In our consciousness, itself a recent development in the evolution of the universe, the pattern has changed in a curious way. Where before the mandala pattern was expressed through the inherent nature of the relationships among material elements, an infinity of new possibilities has blossomed in the human mind. Before this, the universe knew only the naturally occurring mandalas of atoms and molecules, stars and galaxies, flora and fauna. But our wondrous consciousness has the power to imagine, to see what may be, to envision and actualize what before existed only as potential. The human mind, with its unique ability to see beyond the material, has drawn gods in the heavens and mandalas in the earth.
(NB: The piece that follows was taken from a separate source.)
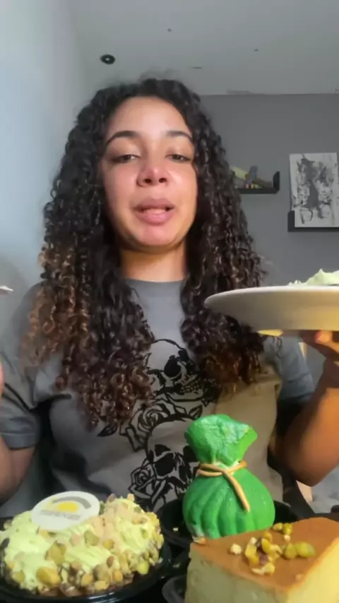 Provando doce de Pistache da padaria #Doces #pistache #Padaria

We have the ability to manipulate our material surroundings—paint images, carve statues, write poetry, build monuments—in ways that could not have occurred without our involvement. Yet everything that emerges from our imagination can only do so as a part of the greater universal pattern. We can create magnificent new images, but their underlying structure can never be other than the structure of the cosmos. That is not a limitation, by any means. Rather it is a connection, a beautiful link between our consciousness and the universe. In this way the mandala shows us how intimately related to the universe we really are.
It is important to understand that the seeming willfulness attributed to the non-sentient elements discussed here is not based on an anthropomorphization of the universe. I do not mean to say that a cell or a point or a star is thinking or acting consciously in any way that we may understand. Rather it is the other way around—just as their behavior is guided by universal structure, our internal longings for psychological stability, physical safety, and egoistic affirmation are all based on that same universal mandala pattern. Although we lack the perspective and frame of reference to grasp how or why, our thoughts and emotions originate from the basic forces of the universe, and are as subject to them as are falling rocks or fiery stars. There is an underlying physics to our consciousness, and from this stems the myriad mysteries that seem to follow us through our history. We cannot pretend to divorce ourselves from our origins—our consciousness is certainly a new and exciting development in the evolution of the universe, but it is born of the same forces that gave rise to the atoms and the galaxies, the birds and the trees.
I cannot imagine a more beautiful configuration of cause and effect, a more harmonious arrangement among the elements of the universe. The pattern continues in everything that we see—quarks congregate, protons socialize, atoms unify, molecules organize, proteins dance and sentience blooms. Where do we go from here? Perhaps the bindu can tell us. The answers to the mysteries of our existence are deeply encoded into the visual poetry at the heart of the mandala.